■ INSTRUCTIONS FOR THE TASK
Every line from the one with "Omówienie tyłu soundbaru" through the final line of the data below goes in the answer, copied exactly. Pictures do not.

■ INPUT DATA
────────────────

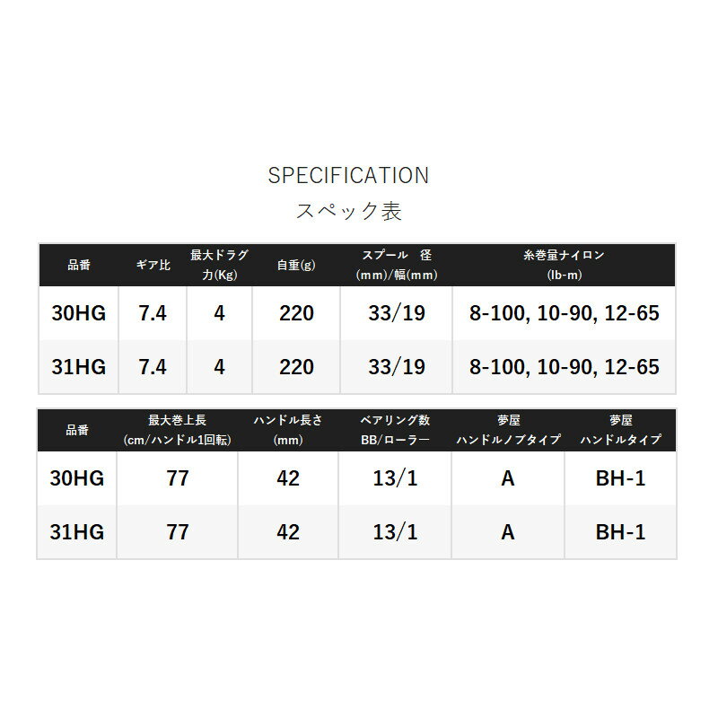 ●掲載商品は複数サイトおよび実店舗で併売しています。ご注文タイミングにより欠品し、お取り寄せにお時間を頂く場合やお手配が出来ずにやむを得ずキャンセルさせて頂く場合がございます。●商品画像は代表画像です。仕様変更により商品スペックやパッケージなど変更となる場合がございます。仕様変更に伴う返品、商品交換の際の往復送料はお客様ご負担となります。●店舗都合・お客様都合に依らずご注文内容の修正やキャンセルを行った際に在庫なしとなる場合やポイント、クーポンなど各種キャンペーンが適用外となる場合がございます。大変恐縮ながらこのような場合でも補填などは出来かねますのでご了承下さい。[シマノ ベイトリール]質実剛健な魅力から支持を集め続けているカルカッタコンクエスト。カルカッタコンクエストシャローエディションは、ナイロン8lb-100mキャパシティ、33/19mm MGLスプールIIIのシャロースプールを搭載。新たに搭載されたスプールはSVSインフィニティとの相性に優れ、特に軽量ルアーでピンポイントを撃ち抜く際のフィーリングはカルカッタコンクエストの質感の高さをさらに引き出します。インフィニティドライブとマイクロモジュールギア搭載による圧倒的な巻き上げ性能はもちろん健在。テクニカルなバスフィッシングゲームを極める釣り人に送る1台です。[CALCUTTA CONQUEST SHALLOW EDITION][24new02]サイズ:31HG自重:220gソルト対応/淡水専用:ソルト対応ギヤ比:7.4ベアリング数(本体):13ベアリング数(ローラー部):1ドラグ力:最大4kg巻き手:左専用糸巻量1:ナイロン(lb-m)8-100、10-90、12-65 巻上長(ハンドル1回転あたりの長さ):最大77cmスプール寸法:径33mm/幅19mmハンドル長さ:42mm夢屋ハンドルノブタイプ:A夢屋ハンドルタイプ:BH-1釣り方、フィールド:淡水ルアー代表対象魚:ブラックバス≪関連商品≫ 31HG MST-02-02-06 31HG
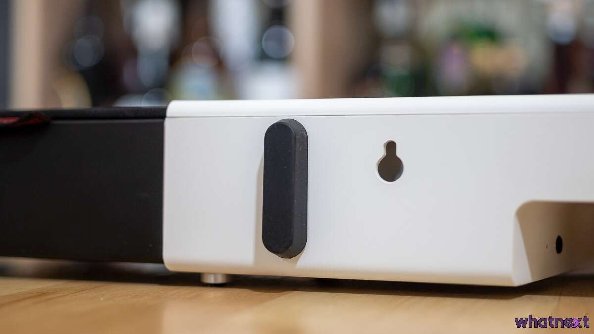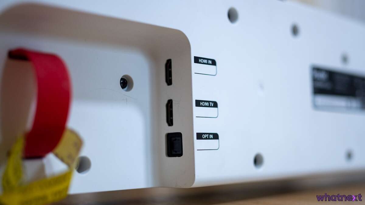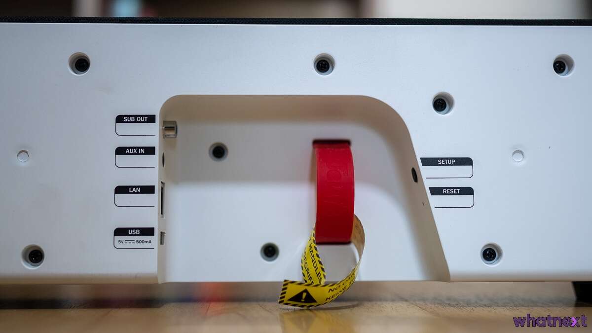 Omówienie tyłu soundbaru specjalnie przeniosłem do kolejnego rozdziału. Wszystkie łącza znajdują się w zagłębieniach, a wtyczki są umieszczone równolegle, a nie prostopadle do obudowy. Zagłębienia w połączeniu z gumowymi obejmami pozwalają utrzymać porządek w kablach.
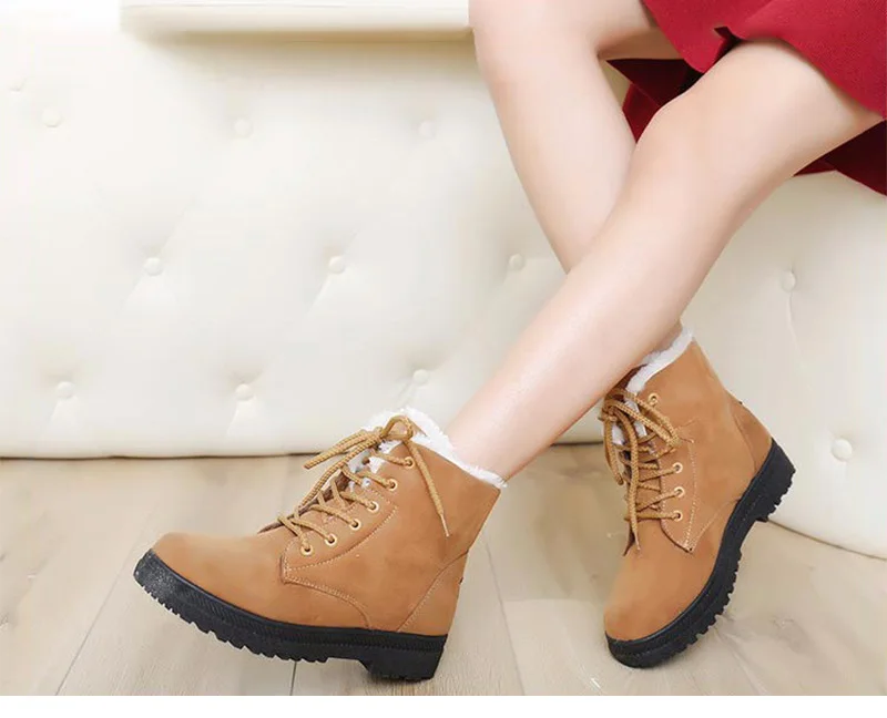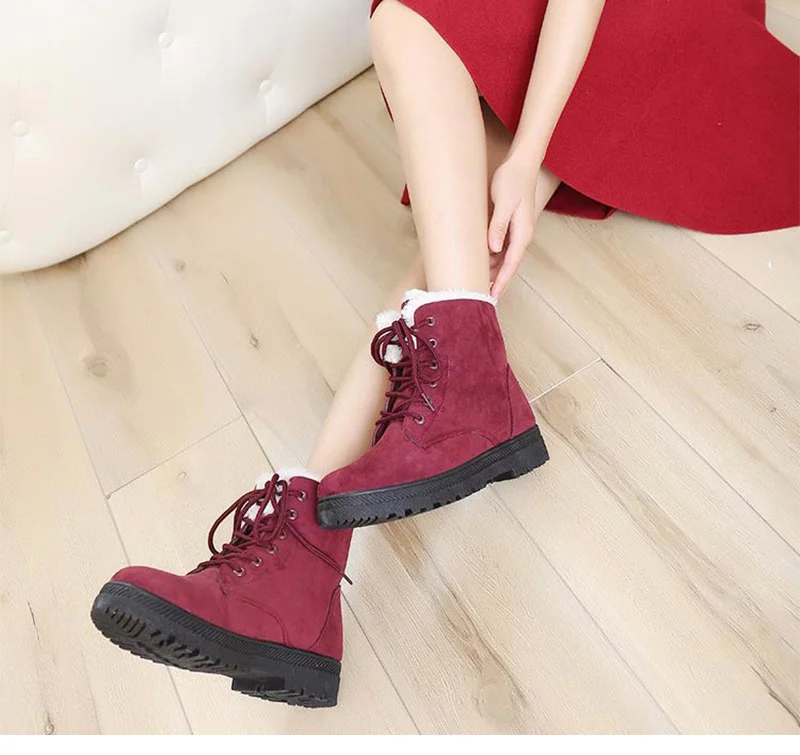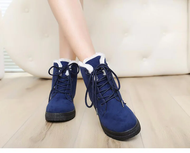 Женские ботильоны из флока, теплые ботинки для снега, зимняя обувь,...
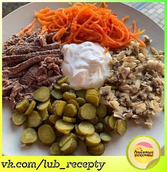 Ингредиенты: - Телятина около 400 г - Корнишоны примерно 200 г - Морковь по-корейски около 200 г - Лук - 1 шт. - Шампиньоны около 300 г - Сметана или…[...]

────────────────

■ ANSWER AREA
 Omówienie tyłu soundbaru specjalnie przeniosłem do kolejnego rozdziału. Wszystkie łącza znajdują się w zagłębieniach, a wtyczki są umieszczone równolegle, a nie prostopadle do obudowy. Zagłębienia w połączeniu z gumowymi obejmami pozwalają utrzymać porządek w kablach.
 Женские ботильоны из флока, теплые ботинки для снега, зимняя обувь,...
 Ингредиенты: - Телятина около 400 г - Корнишоны примерно 200 г - Морковь по-корейски около 200 г - Лук - 1 шт. - Шампиньоны около 300 г - Сметана или…[...]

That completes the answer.